Inertial Measurement Units for Enhanced Motion Tracking
Overview: The article discusses the significance of inertial measurement units in human motion analysis, highlighting their role in tracking movement. It explains the key components and addresses challenges in various applications.
An important tool for evaluating movement parameters is human motion analysis. This is particularly important for assessing exercise routines, medical conditions, and health promotion. It plays a vital role among elderly people who want to track their physical activities. There will be a greater need for home-based rehabilitation programs and independent access to exercise data by each individual to track their medical condition.
Optical methods accurately assess both kinematic data and motion data, and they are regarded as the gold standard in the field of motion analysis.
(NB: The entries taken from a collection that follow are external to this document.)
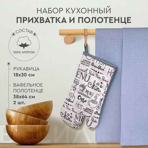 Набор кухонный Василиса Рукавица и 2 вафельных полотенца, хлопок 100%, Menu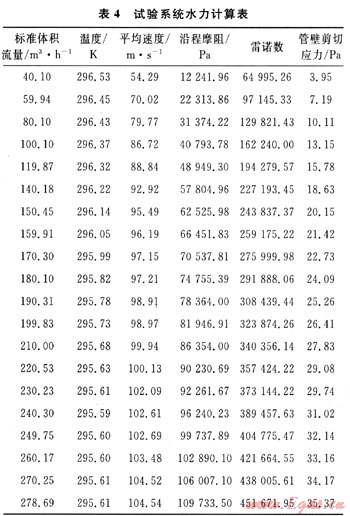 在進(jìn)行減阻劑測試之前,首先要進(jìn)行空白管道的水力分析。空氣由壓縮機(jī)壓縮到0.8MPa后進(jìn)入測試管道,保證壓縮機(jī)出口壓力pi不變,標(biāo)準(zhǔn)體積流量Qg調(diào)節(jié)范圍為40~280m3/h,經(jīng)測量、計(jì)算得到一組數(shù)據(jù)如表4所示。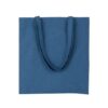 Saco sustentável, concebido a partir de algodão reciclado e poliéster reciclado. Alças compridas para usar na mão ou ao ombro. Este saco faz parte do projecto «K-Loop». Algodão reciclado/Poliéster reciclado. Saco de compras plano com alças no mesmo tecido do saco. Este saco faz parte do projecto «K-Loop». Através deste projecto, a Kimood encerra o circuito da economia circular no sentido estrito. O algodão utilizado provém dos resíduos de fabrico dos artigos em algodão da marca Kariban, da gama KARIBAN BRANDS. O poliéster adicionado tem origem na reciclagem de garrafas de plástico em PET. Ao longo do processo de reciclagem, são incorporados no fio rastreadores, filamentos em viscose e cerâmica que funcionam como impressão digital única. Os rastreadores reflectem a luz de forma única e possuem, portanto, um código inequívoco e inviolável. Graças a isto. podemos memorizar, numa cadeia de blockchain, todas as informações acerca dos processos a que o fio foi submetido de forma unívoca. Graças à tecnologia de rastreadores Aware™ e à plataforma correspondente de blockchain, a Kimood possibilita ao consumidor final seguir o processo de produção na íntegra. Isto permite garantir que o produto foi bem reciclado, utilizando os seus próprios resíduos, sem alterações possíveis durante o processo. Uma etiqueta especial com um código QR permite aceder à plataforma Aware™ e autenticar directamente os certificados com um simples smartphone.

However, they have several drawbacks, including expensive equipment, the need for skilled individuals to operate them, extensive installation spaces, and reduced moveability that restricts their application only indoors.
Inertial motion analysis has become a viable substitute for optical approaches. An advantage of inertial systems over optical systems is that they are compact, reasonably priced, and portable. Because of this, inertial measurement units (IMUs) are a user-friendly option for estimating human movements.
These devices can continuously monitor human movements during each activity, and they are more accurate than the data collected from occasional laboratory testing. For these reasons, IMU use for continuous human motion tracking has increased during the past few decades.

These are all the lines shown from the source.